(Information shown)
<<<<

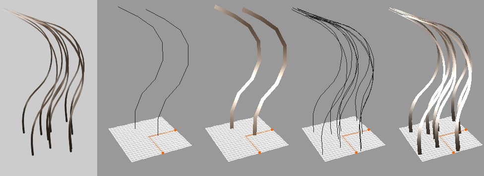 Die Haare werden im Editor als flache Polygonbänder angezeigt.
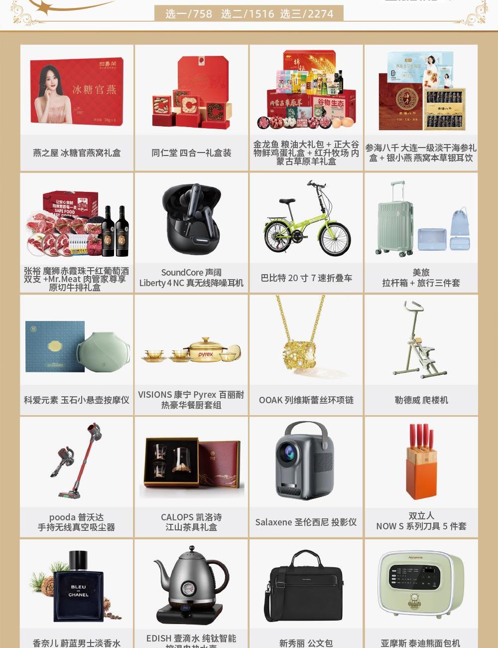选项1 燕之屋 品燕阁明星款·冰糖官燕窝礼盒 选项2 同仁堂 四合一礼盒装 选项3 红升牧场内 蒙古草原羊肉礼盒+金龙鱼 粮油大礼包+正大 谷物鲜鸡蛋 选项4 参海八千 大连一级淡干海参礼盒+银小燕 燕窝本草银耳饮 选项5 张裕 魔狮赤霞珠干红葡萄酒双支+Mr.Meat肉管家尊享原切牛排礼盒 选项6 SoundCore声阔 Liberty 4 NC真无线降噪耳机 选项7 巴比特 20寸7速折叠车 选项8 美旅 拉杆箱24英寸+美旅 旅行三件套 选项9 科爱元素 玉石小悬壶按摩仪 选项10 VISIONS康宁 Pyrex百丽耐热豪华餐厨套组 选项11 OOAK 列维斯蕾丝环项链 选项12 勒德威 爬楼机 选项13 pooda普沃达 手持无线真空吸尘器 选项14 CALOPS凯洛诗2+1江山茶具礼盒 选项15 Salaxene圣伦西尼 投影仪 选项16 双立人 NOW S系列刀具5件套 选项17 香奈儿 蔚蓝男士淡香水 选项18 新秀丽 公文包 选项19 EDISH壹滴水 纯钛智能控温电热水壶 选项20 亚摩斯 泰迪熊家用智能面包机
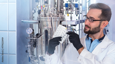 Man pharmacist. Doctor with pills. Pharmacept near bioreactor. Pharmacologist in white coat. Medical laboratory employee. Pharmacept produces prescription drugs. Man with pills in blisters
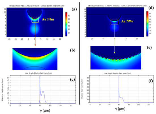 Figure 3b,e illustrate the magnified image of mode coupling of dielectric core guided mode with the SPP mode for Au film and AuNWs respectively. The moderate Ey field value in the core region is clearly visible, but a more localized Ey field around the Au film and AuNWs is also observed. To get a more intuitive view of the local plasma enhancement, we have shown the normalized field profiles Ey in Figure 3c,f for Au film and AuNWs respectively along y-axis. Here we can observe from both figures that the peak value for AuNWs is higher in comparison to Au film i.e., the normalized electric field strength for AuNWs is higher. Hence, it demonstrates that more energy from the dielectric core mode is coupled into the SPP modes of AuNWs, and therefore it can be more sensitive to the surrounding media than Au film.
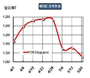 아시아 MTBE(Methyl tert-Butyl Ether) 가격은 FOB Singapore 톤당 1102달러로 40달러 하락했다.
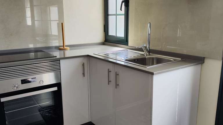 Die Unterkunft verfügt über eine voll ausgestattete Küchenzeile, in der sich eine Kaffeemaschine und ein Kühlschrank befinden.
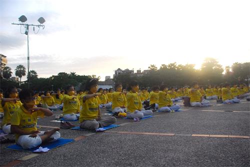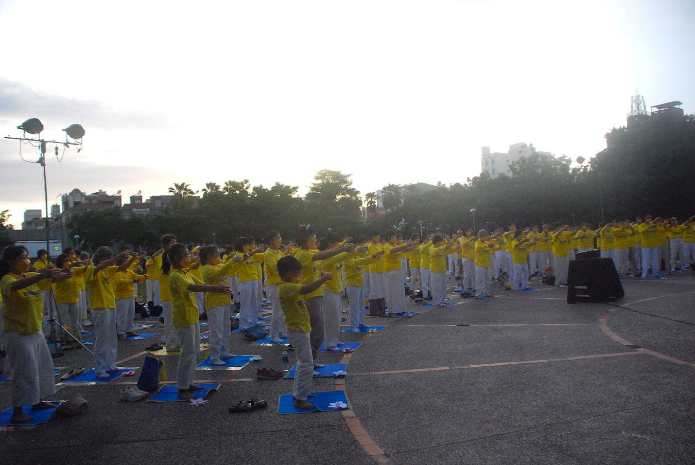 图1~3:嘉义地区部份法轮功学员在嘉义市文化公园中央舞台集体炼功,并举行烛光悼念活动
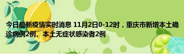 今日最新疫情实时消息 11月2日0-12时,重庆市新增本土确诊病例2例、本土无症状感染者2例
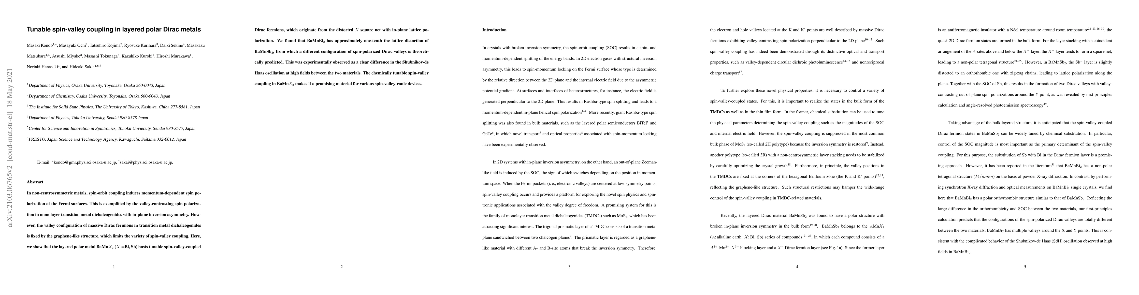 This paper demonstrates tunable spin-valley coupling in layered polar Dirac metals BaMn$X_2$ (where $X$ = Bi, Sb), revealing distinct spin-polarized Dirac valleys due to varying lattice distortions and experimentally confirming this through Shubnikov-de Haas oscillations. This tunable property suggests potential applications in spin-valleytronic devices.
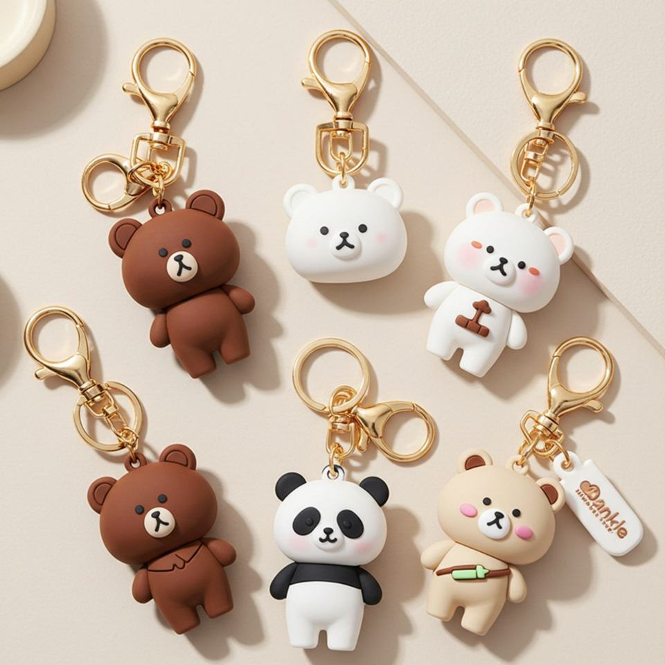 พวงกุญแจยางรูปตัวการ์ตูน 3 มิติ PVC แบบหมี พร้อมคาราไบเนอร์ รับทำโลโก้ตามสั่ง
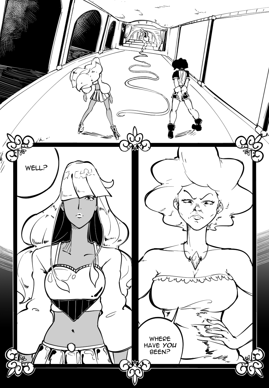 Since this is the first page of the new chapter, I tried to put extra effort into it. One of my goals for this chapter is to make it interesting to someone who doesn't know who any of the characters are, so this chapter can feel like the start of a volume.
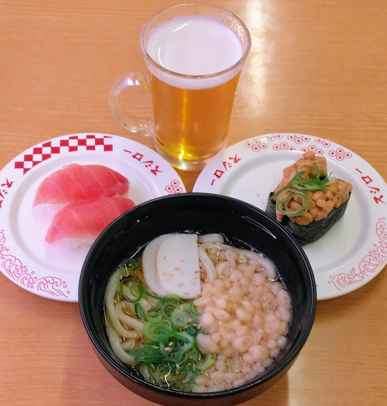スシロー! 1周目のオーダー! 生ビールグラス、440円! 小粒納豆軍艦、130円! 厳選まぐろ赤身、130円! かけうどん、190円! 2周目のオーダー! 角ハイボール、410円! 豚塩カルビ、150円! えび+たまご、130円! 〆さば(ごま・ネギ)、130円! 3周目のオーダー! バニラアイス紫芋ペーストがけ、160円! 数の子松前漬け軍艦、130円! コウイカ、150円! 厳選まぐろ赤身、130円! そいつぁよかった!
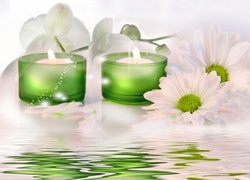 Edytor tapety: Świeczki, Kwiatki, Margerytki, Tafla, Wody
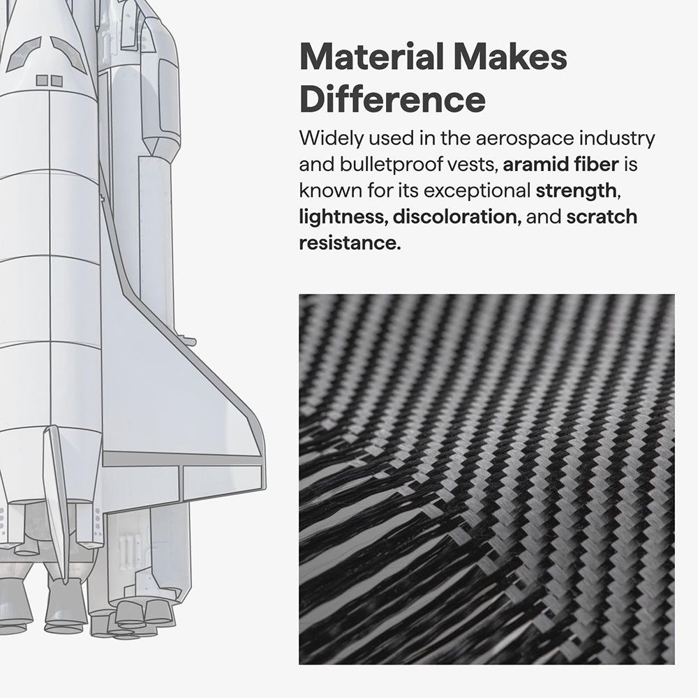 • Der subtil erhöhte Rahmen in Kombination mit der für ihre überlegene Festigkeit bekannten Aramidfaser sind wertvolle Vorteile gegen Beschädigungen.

>>>>
<<<<

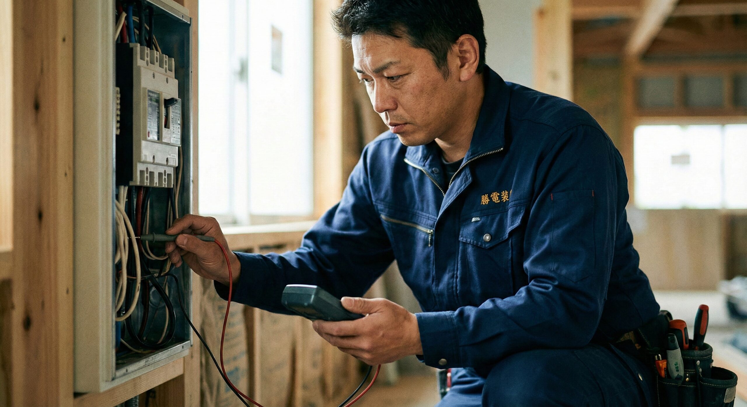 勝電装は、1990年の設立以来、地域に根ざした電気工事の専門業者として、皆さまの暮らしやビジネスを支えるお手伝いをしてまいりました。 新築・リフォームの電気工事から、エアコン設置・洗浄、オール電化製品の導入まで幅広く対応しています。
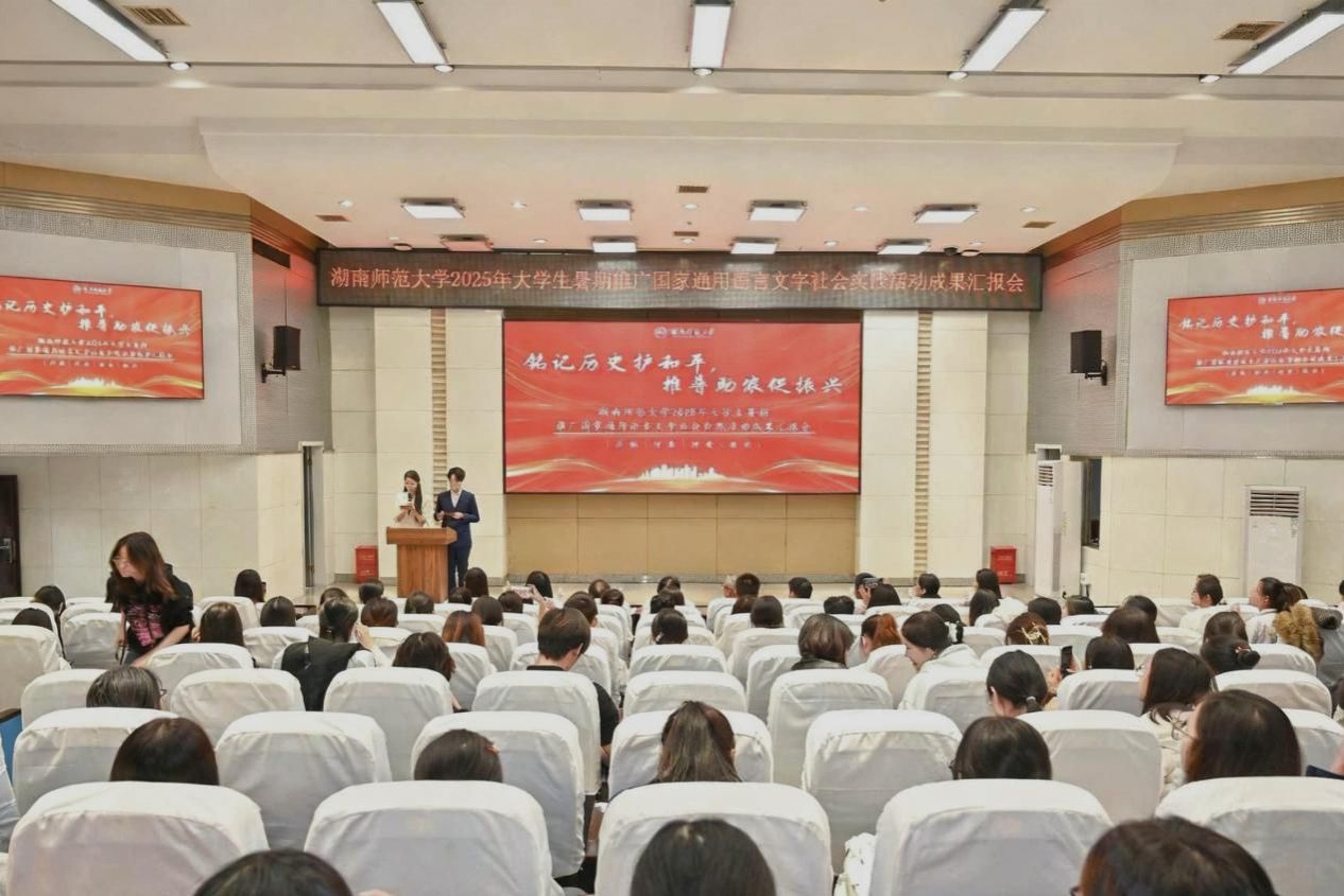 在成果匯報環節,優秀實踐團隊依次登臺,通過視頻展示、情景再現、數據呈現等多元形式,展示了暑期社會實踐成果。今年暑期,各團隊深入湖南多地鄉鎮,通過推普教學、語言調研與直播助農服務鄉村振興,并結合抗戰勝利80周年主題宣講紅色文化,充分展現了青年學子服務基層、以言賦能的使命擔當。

>>>>

(What to work on) What is needed is an exact copy of the lines above from the one with "This paper demonstrates" to the one with "พวงกุญแจยางรูปตัวการ์ตูน 3 มิติ", both ends kept, and nothing more; please leave the pictures out.

(Exercise result)
 This paper demonstrates tunable spin-valley coupling in layered polar Dirac metals BaMn$X_2$ (where $X$ = Bi, Sb), revealing distinct spin-polarized Dirac valleys due to varying lattice distortions and experimentally confirming this through Shubnikov-de Haas oscillations. This tunable property suggests potential applications in spin-valleytronic devices.
 พวงกุญแจยางรูปตัวการ์ตูน 3 มิติ PVC แบบหมี พร้อมคาราไบเนอร์ รับทำโลโก้ตามสั่ง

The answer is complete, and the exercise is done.